I could give dozens and dozens of anecdotes, but one that especially gives me hope for humankind happened recently in the Siteman Cancer Center seventh floor waiting room at the Center for Advanced Medicine. One of my volunteer duties is helping at the information desk, where I have a good view of most of the floor. Since our patients and their caregivers are adults, it’s usually pretty quiet. But sometimes there are children who wait with relatives while a family member gets treatment or is seen by a doctor.

On this particular afternoon, there was a white mother with a toddler-aged daughter who broke the room’s silence with giggles of delight as she escaped the mom’s grasp and raced across the floor. As their wait grew longer, the mom was obviously getting tired and having trouble keeping up with the tiny child.

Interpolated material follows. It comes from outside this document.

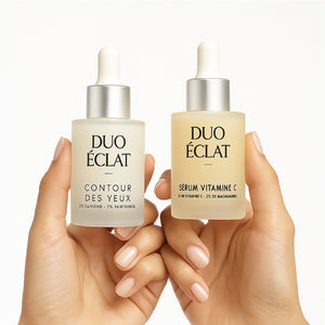 Tras la limpieza, aplica el Contorno de Ojos Duo Éclat para hidratar en profundidad y favorecer la regeneración durante el descanso. Si lo deseas, puedes repetir la aplicación del Sérum Vitamina C Duo Éclat en la noche para potenciar su acción antioxidante y mantener la piel uniforme.

The situation caught the eye of a little Black girl, maybe around six or seven-years-old, who was sitting with her own mother. The girl leapt up, ran over to the white mother and asked if she could play with the toddler. The mom readily agreed with a huge smile of relief.

Things quieted down as the two girls became engrossed in their games and storytelling. They didn’t stop until the Black family was ready to leave. The Black girl said goodbye and walked with her parents towards the elevator. But the toddler made a beeline for them with her arms outstretched towards her new friend. The Black girl stopped and reached down to hug the child and kissed her cheek.

Here was the light. It was love in its purest and most natural form. Hate, quite clearly, is an evil lesson that is taught.

I pray these two girls never learn it.

Gail Appleson is a freelance writer and volunteer at Barnes-Jewish Hospital and Siteman Cancer Center. She is a member of Kol Rinah in St. Louis and Beth Sholom in Memphis, Tenn.